The torch later passed to local leaders like John Zippert and Carol Zippert, who have spent decades running programs for an organization, the Federation of Southern Cooperatives, that helps black farmers get access to credit and land. The Zipperts also publish a newspaper, the Greene County Democrat, that urged voters to the polls.
The county seat, Eutaw, features a casino, Greenetrack, whose CEO is Luther Winn, a politically active businessman who supports the local NAACP and the National Action Network, the organization run by the Rev. Al Sharpton.
Thanks in part to the efforts of Winn, the Zipperts and NAACP activists, Jones carried Greene with an overwhelming 87 percent of the vote, a larger margin than Moore won in any county.
John Zippert, his newspaper and his “Federation of Southern Cooperatives” was a major part of the winning Jones coalition. Like Scott Douglas, John Zippert also comes out the communist movement.
In the mid-1960s, John Zippert moved south to join the civil rights movement. He had been student body president at City College of New York and an active member of Students for a Democratic Society and the Communist Party USA youth wing W.E.B. DuBois Clubs. In the 1980s, like many Southern Communist Party supporters, Zippert moved into the Maoist orbit, working closely with the ultra-radical Marxist-Leninist organization “Line of March.”
Speaking of the DSA, it should be noted that CAIR-Alabama also works closely with the Birmingham local (DSA branches are referred to as “locals”) of the DSA. On Nov. 5, 2017, newly-signed-up DSA member Linda Sarsour addressed a CAIR-Alabama annual benefit event in Birmingham along with CAIR leader and self-proclaimed Hamas supporter Nihad Awad. The theme of the event was “In Liberty and Social Justice for all.”
Alabama’s four DSA locals (Birmingham, Huntsville, Mobile and Tuscaloosa) did not openly endorse Doug Jones, but Mobile and Birmingham DSA did congratulate him on his victory, the latter expressing the wish to “work together to improve the lives of all Alabamans.”
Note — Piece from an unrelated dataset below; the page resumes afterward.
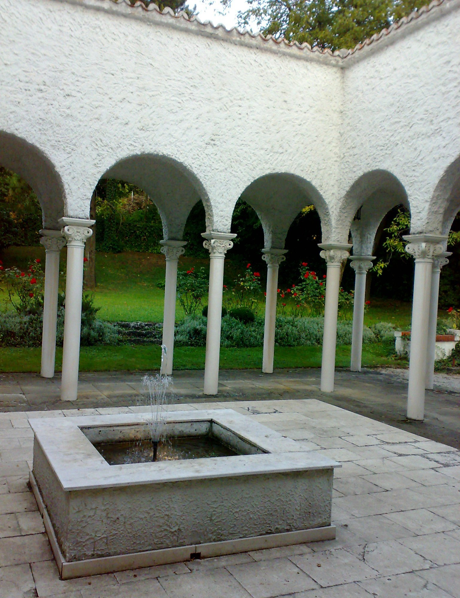 The interwar period film school of Beograd, presentday (2012) Embassy residence of Norway to Serbia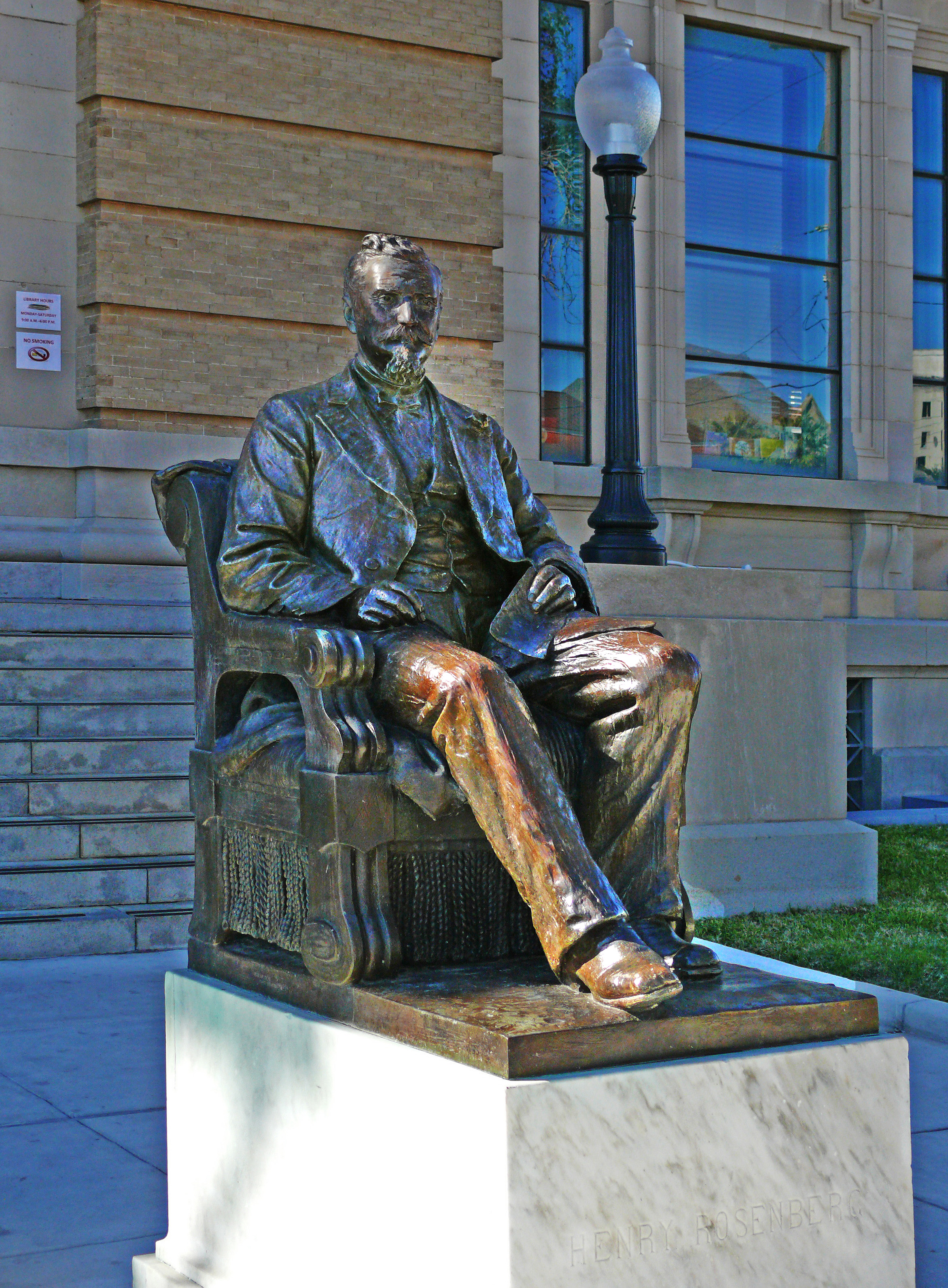 Henry Rosenberg, Galveston business leader and philanthropist, was born in Bilten, Glarus Canton, Switzerland, on June 22, 1824, to Johann Rudolf and Waldburg (Blum) Rosenberg. He went to work in a textile factory, where he and John Hessly, the son of his employer, became friends. Rosenberg followed Hessly to Galveston, Texas. Rosenberg became a financier and investor and was active in banking, real estate, and transportation.

If scandal had not dogged Roy Moore’s campaign, Doug Jones likely would have lost the election by 10 or more points. The left smelled blood in the water, so they threw everything they could at the race. Their efforts paid off.
The takeaway from the 2017 Alabama Senate race is not poor Republican messaging, or poor vetting. They were important, but they were not the deciding factor.
The real lesson is that the left is pouring big resources into registering hundreds of thousands of black and Latino voters in Southern states – especially North Carolina, Florida, Georgia, Texas and Arizona. They have already flipped Colorado and Virginia; if they can push over two or three more Southern dominoes, the Republicans will be in deep trouble.
If Alabama’s Muslim and Marxist communities had not rallied thousands of black, Latino and Muslim voters behind Doug Jones, President Trump would be sitting on a safer Senate majority today.